Я пошел в мою каюту и приготовил спортивную сумку для очередной экскурсии в спортзал. Единственное пристойное место, хоть чем-то мне интересное.
– Вы, должно быть, самый накачанный человек на этом корабле, – сказал мне тренер.
Я лишь улыбнулся. Не хотелось вступать в беседу с этим парнем. Он странноватый, если понимаете, о чем я. Ничего сам против них не имею, живи и дай жить другим и все такое, но прямо сейчас я не хотел ни с кем разговаривать, особенно с каким-то чертовым педерастом.
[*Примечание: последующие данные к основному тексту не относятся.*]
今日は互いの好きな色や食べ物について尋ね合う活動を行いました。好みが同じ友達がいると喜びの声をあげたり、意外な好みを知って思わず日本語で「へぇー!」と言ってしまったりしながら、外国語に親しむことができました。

– Да вы просто не вылезаете отсюда, – настойчиво продолжал он, слегка кивнув толстому, жалкому, непрезентабельному краснолицему мужичку на тренировочном велосипеде, – правда, мистер Бэнкс?
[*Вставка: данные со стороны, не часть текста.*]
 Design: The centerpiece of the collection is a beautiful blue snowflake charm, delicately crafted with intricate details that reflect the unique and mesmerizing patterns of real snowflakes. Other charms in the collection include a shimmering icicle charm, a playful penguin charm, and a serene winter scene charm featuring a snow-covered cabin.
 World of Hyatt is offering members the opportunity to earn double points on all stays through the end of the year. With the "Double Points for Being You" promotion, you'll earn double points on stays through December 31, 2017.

– Отличное оборудование, – резко ответил я, осматривая свободные веса и поднимая две гантели со сменными грузами.
Слава богу, паренек-тренер заметил даму с избыточным весом в ярко-красном трико, пытавшуюся делать подъемы из положения сидя.
– Нет-нет-нет, мисс Кокстон! Не так! Вы слишком напрягаете спину. Сядьте прямо и согните колени. Под сорок пять градусов. Отлично. И раз… и два…
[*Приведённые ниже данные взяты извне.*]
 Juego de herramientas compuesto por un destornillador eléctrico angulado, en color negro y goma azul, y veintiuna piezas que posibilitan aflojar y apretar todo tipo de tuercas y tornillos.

Взяв пару гантельных дисков, я тайком сунул их в мою спортивную сумку. Я перестал много двигаться, но мне не нужны упражнения. Я достаточно хорошо сложен. Джоан всегда утверждала, что у меня хорошее тело; жилистое, как она говорила. Ничего удивительного – вся жизнь на стройке, вредных привычек нет. Ну да, я слегка раздался, когда позволил себе поблажки, оставшись без Джоан. Все казалось бессмысленным. Выйдя на пенсию, я пил теперь больше, чем когда-либо. А гольф – это совсем не мое.
Вернувшись в каюту, я прилег и погрузился в полузабытье, думая о Джоан. Она была такой прекрасной и порядочной женщиной, лучшей жены и матери не пожелаешь.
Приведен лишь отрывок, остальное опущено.